Aerial top-down view of the Un Brin d’Soleil light installation at night, showing its radial LED structure glowing in purple and orange hues above a snow-dusted urban plaza.
The suspended sculpture radiates dynamic color sequences from its central hub, contrasting with the muted winter ground below. Its geometric form becomes a temporary focal point in Place des Fleurs de Macadam’s public space. (Image © Latrompette Studio)

Design Concept

The project was selected through a local design competition. It features a 6.7 meter-diameter circular form with 32 radial elements. Each ray acts as an independent channel for color and motion. The design draws from organic patterns but uses precise digital control. This aligns with trends in non-permanent architectural design. Un Brin d’Soleil avoids fixed narratives. Instead, it offers shifting visual experiences tuned to dusk and pedestrian flow.

Un Brin d’Soleil light installation glowing in blue and purple hues above Place des Fleurs-de-Macadam at night, with snow-covered ground and surrounding brick buildings.
The suspended sculpture illuminates the winter plaza as pedestrians gather below, contrasting with the warm interior lights of adjacent historic structures. (Image © Latrompette Studio)

Materials & Construction

The rays are made of aluminum frames and translucent acrylic tubes. Each houses programmable LED strips with individually addressable pixels. The lightweight system allows complex animations while supporting overhead suspension. Installation required no ground work important in dense urban areas. The choice of durable building materials ensures resilience from November to April. The structure relies on minimal construction intervention.
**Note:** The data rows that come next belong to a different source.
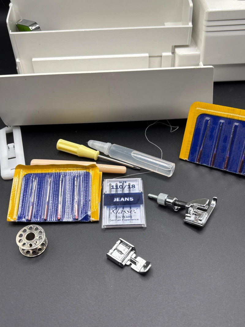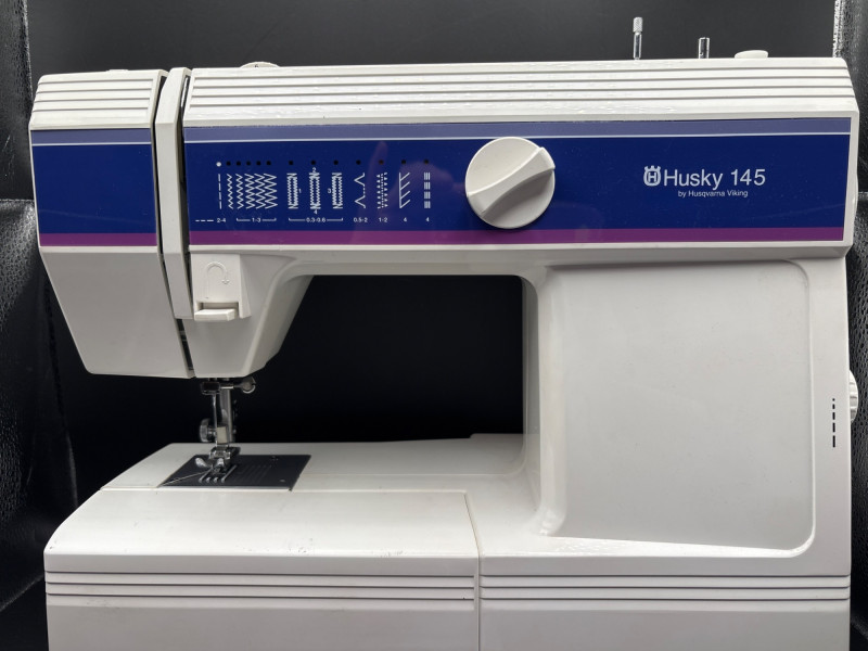 Ready for your next project. Husky 145 sewing machine by Husqvarna Viking in good working order. The machine powers on and was tested by sewing a strip of fabric. Features multiple stitch options with easy-to-use controls, making it a solid choice for everyday sewing, mending, or craft projects. A dependable machine for beginners or anyone needing an extra unit. Includes the original instruction manual, foot pedal, power cord, and accessory storage case. Not an expert, but the machine powers on and sewed a strip of fabric during testing. Normal cosmetic wear from use. Not all stitch settings tested. Sold as-is. Please review photos for details. Shipping available. We are happy to combine shipping on multiple items when possible.
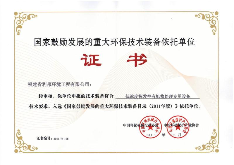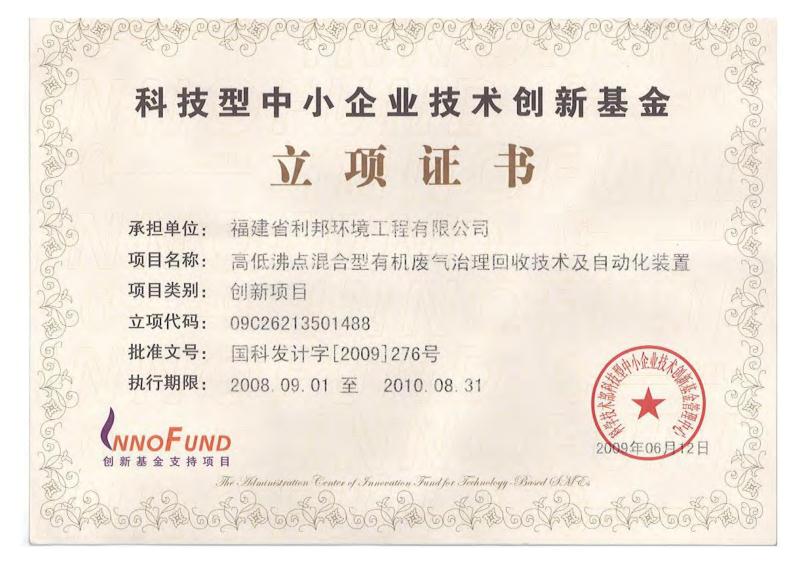 福建省科技型企業(yè)、福建省創(chuàng)新性企業(yè)、福建省首批科技小巨人、福建省“專精特新”專業(yè)化企業(yè),擁有企業(yè)研發(fā)中心、福建省有機廢氣凈化設備工程技術研發(fā)中心;公司產(chǎn)品獲得科技部、環(huán)保部、商務部、國家質(zhì)量監(jiān)督總局頒發(fā)的“國家重點新產(chǎn)品”證書,“中低濃度揮發(fā)性有機物回收凈化裝備”被列入《國家鼓勵發(fā)展的重大環(huán)保技術裝備目錄(2017年版)》;公司核心發(fā)明專利分別獲得了中國專利獎優(yōu)秀獎、福建省專利獎二等獎等專利獎項,其中兩個核心技術分別獲得福建省技術發(fā)明獎二等獎、福建省科學技術進步獎二等獎;公司
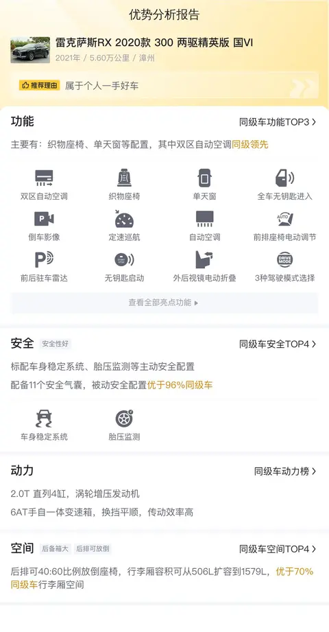 综上所述的新车含税价、用车成本、市场行情、优势分析、同款比价等数据仅供参考。在配置部分,因为二手车非标品,车辆可能会存在配置改装的情况,具体车况信息需要线下结合车辆实际情况进行综合参考。
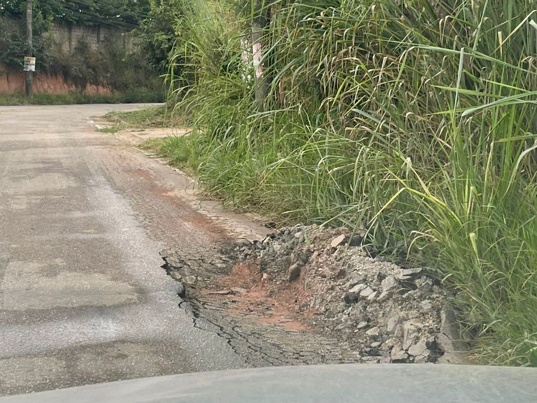 Buracos, mato alto e falta de iluminação na Rua Laura Maiello Kook preocupam moradores e motivam cobrança por ações imediatas da Prefeitura. Foto:. Divulgação
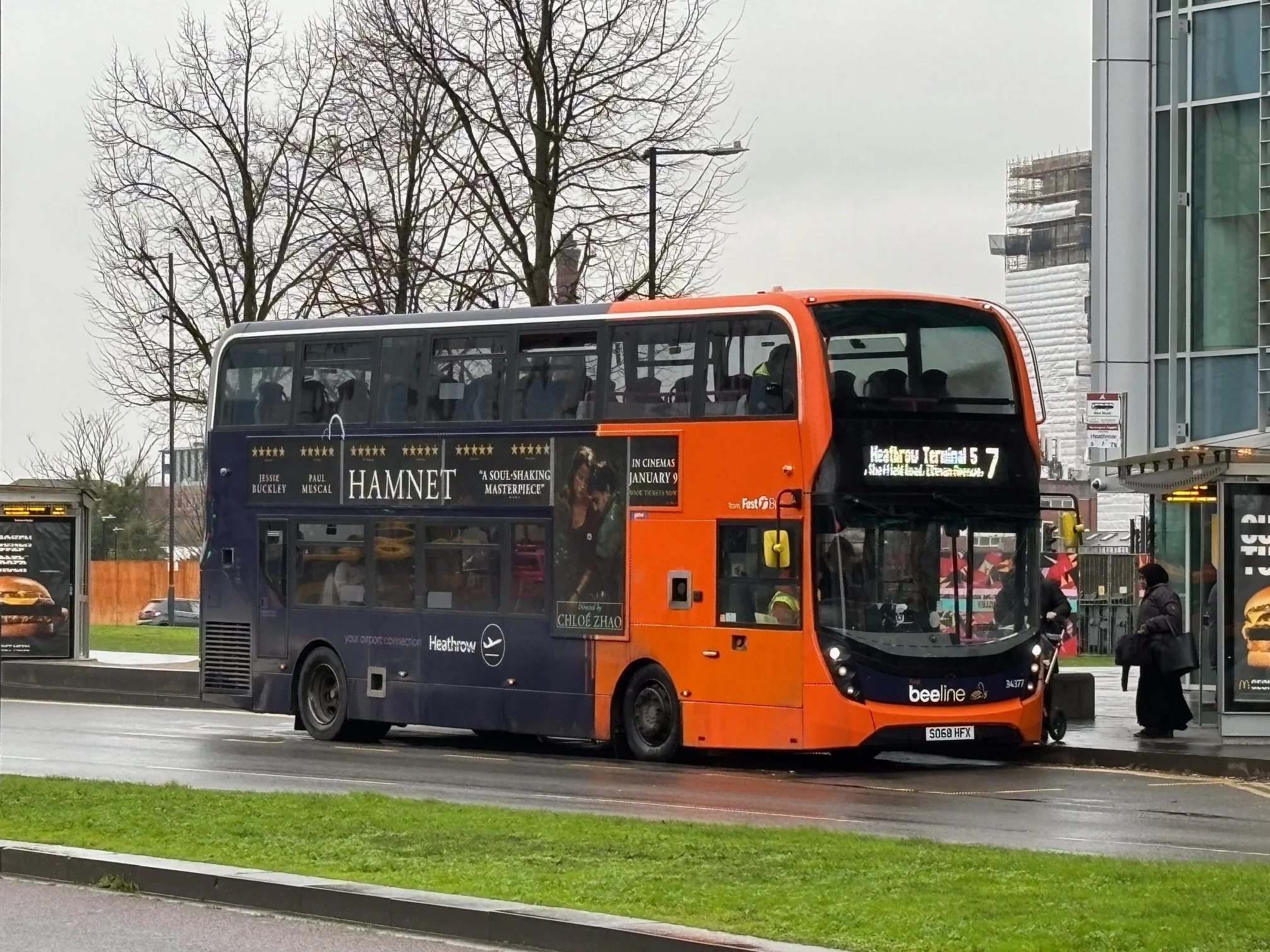 Whilst LTs form the main allocation on the H98, a few diesel and hybrid Enviro400s make up the numbers, with LVF showing me that one of the latter, ADH45072, was on the following working. Therefore, I awaited its arrival at Hayes End, the bus being one of those that has come full circle, new to First at Westbourne Park (X), then passing through Tower Transit and RATP Group, before returning to its original owner once again when First returned to London in 2025. The purple First interior and Tower Transit moquette providing the evidence!
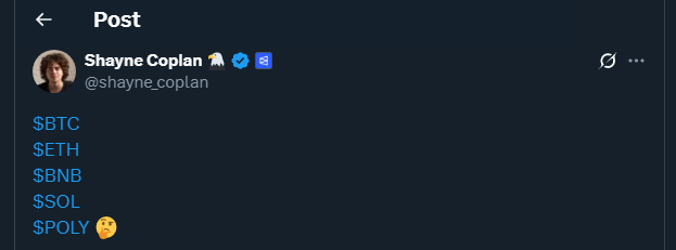 这位26岁创始人仅发布了"$BTC, $ETH, $BNB, $SOL, $POLY"九个字符的贴文,未作任何补充说明。其中"$POLY"的微妙出现迅速引发关注,
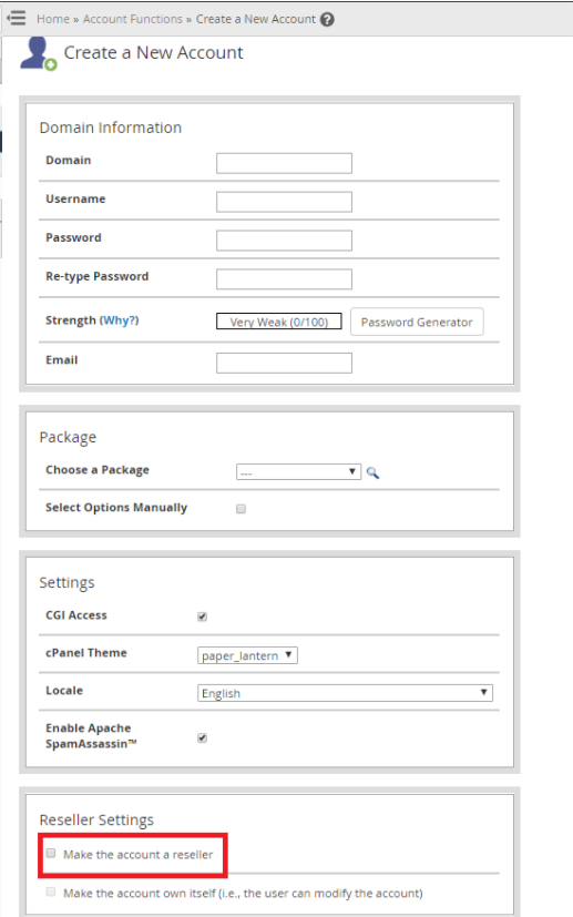 4. Scroll down to the Reseller Settings section of the form and select the Make the account a reseller option.
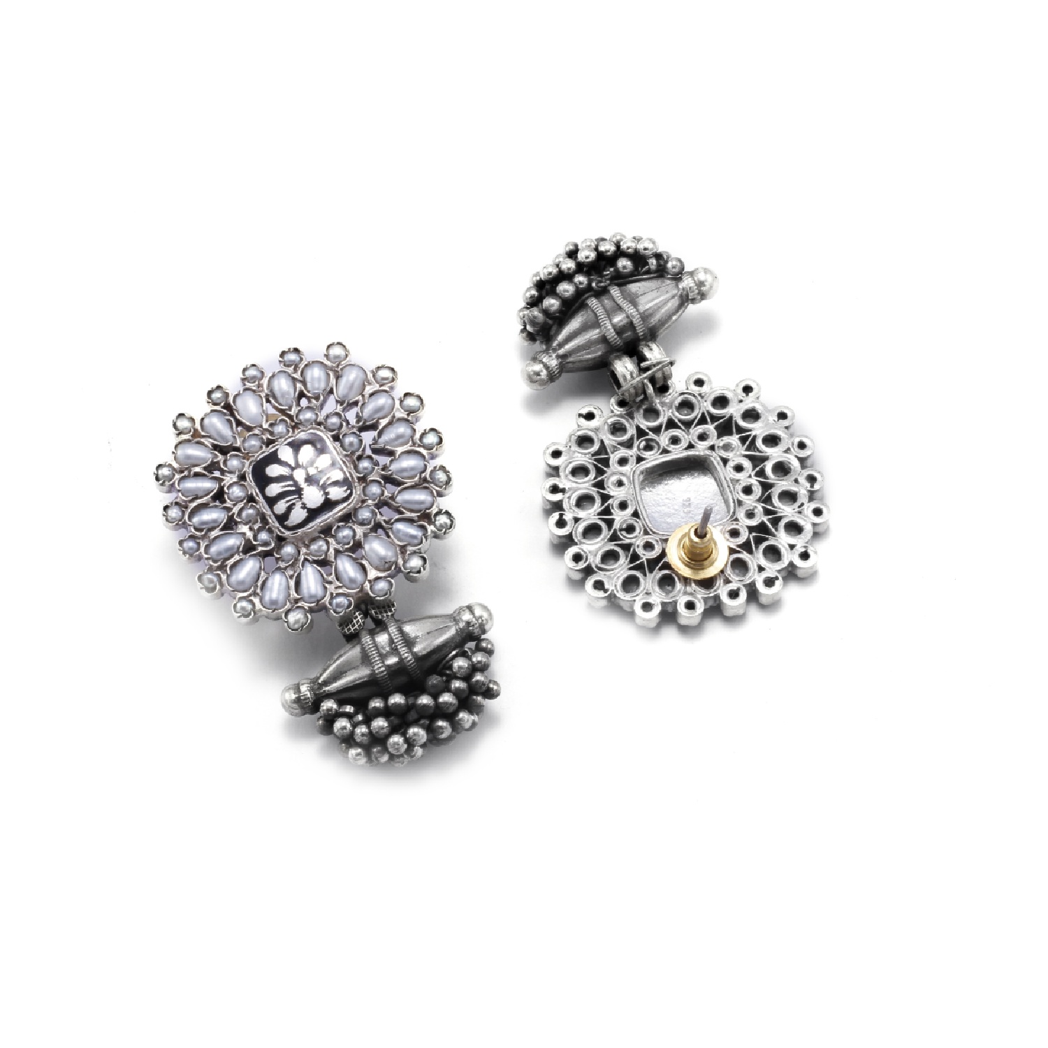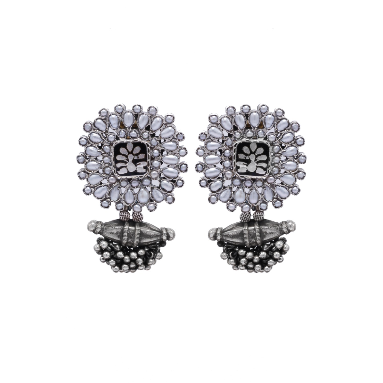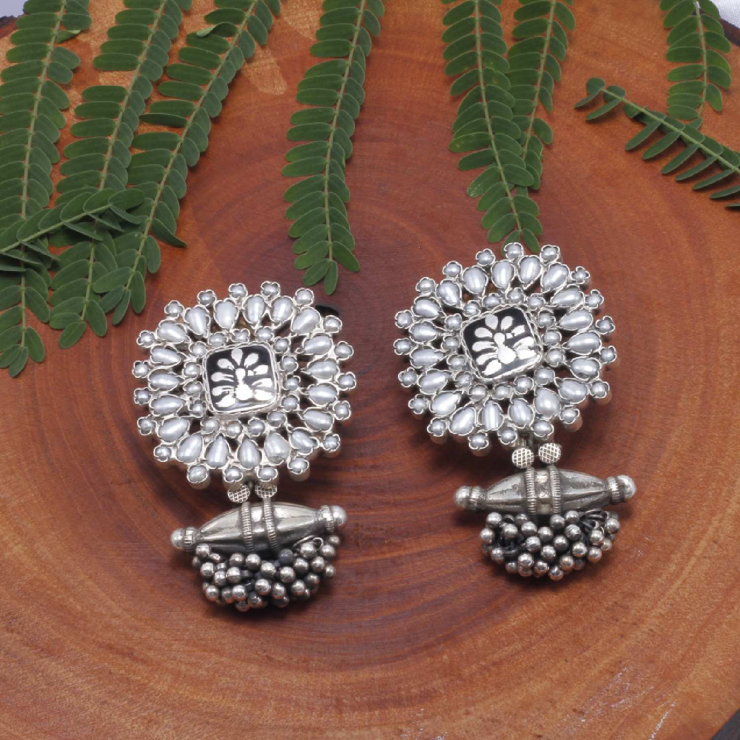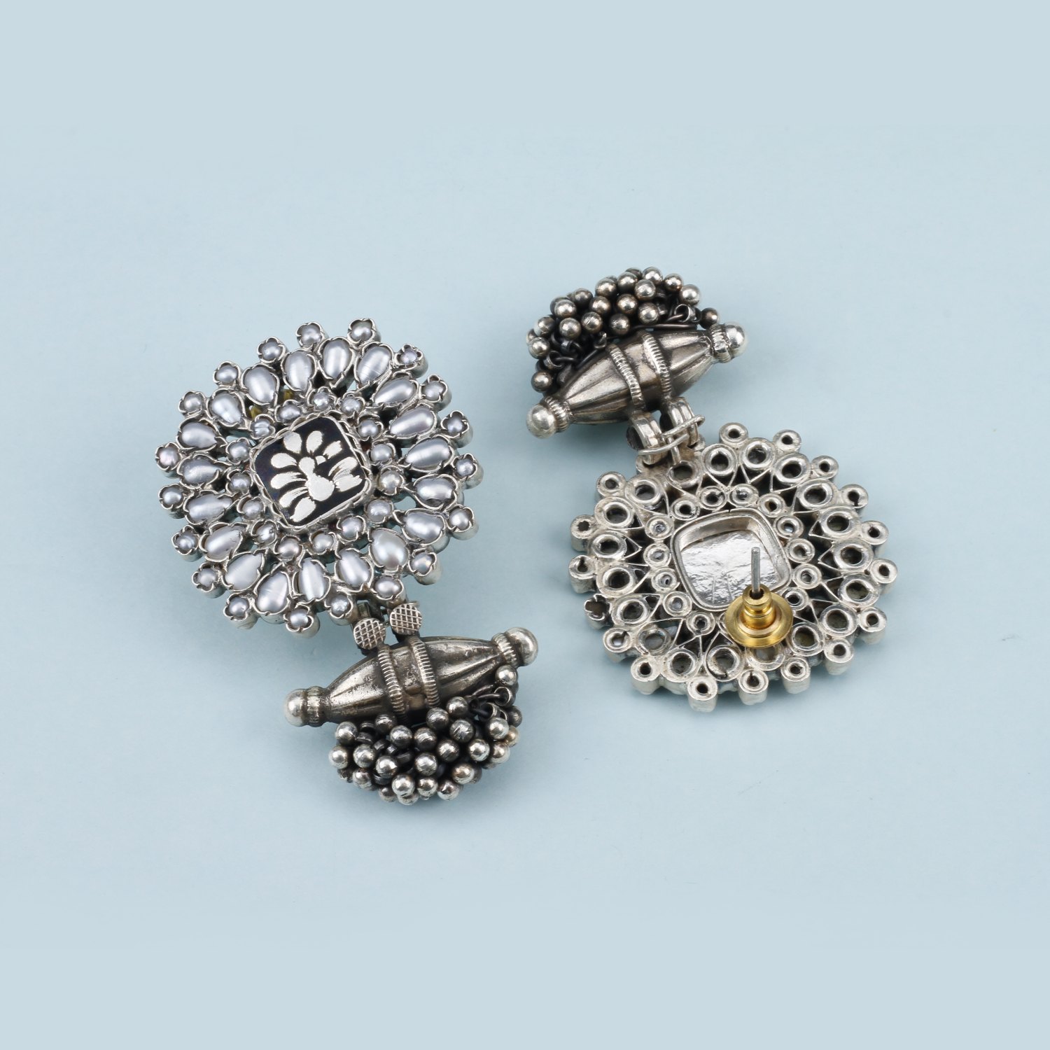 These exquisite earrings are handcrafted with precision. They combine the beauty of silver and pearl elements to create a stunning accessory that complements any outfit with grace. Perfect for gifting, these elegant earrings hold the potential to become a cherished keepsake for your loved ones.

Silhouette of a person standing beneath the glowing radial structure of Un Brin d’Soleil at night, with alternating red and white light beams radiating outward against a dark sky.
The human scale is emphasized as a viewer stands under the illuminated sculpture, highlighting its role as a focal point for public engagement in Place des Fleurs de-Macadam. (Image © Latrompette Studio)

Urban Role and Temporal Strategy

Funded by the Plateau Mont Royal borough, the project reflects a strategy to animate winter public life. It is produced by Société de développement de l’Avenue du Mont Royal. Unlike permanent works, Un Brin d’Soleil is cyclical and reversible. It will return each winter through 2028. This model lets cities test spatial ideas without long-term commitment. Such approaches inform evolving practices in cities programming. The project also adds to the public archive of experimental urban tactics.

Will recurring temporary installations like Un Brin d’Soleil reshape how cities value non-permanent architecture?

Architectural Snapshot:
A 6.7 meter suspended light sculpture using programmable LEDs on aluminum acrylic rays, installed seasonally in Montreal from 2025 to 2028.

light installation glowing in red and white above Place des Fleurs-de-Macadam at night, with a child standing on rocks below and snow-dusted ground surrounding the plaza.
The illuminated sculpture becomes a focal point for public interaction, as a child stands beneath its radial glow amid scattered boulders and winter snow. (Image © Latrompette Studio)

✦ ArchUp Editorial Insight

Un Brin d’Soleil delivers a temporary luminous intervention over a Montreal public square, realized through municipal support and an open call. Its radial LED elements blend digital choreography with urban spectacle. Yet the project remains confined to seasonal rhetoric using light as aesthetic balm without critically engaging winter’s spatial politics. Its sole strength lies in its non invasive installation, avoiding permanent alteration a rarity in civic art. Likely to fade from relevance once funding cycles shift, it nonetheless archives a transitional moment in how cities negotiate impermanence.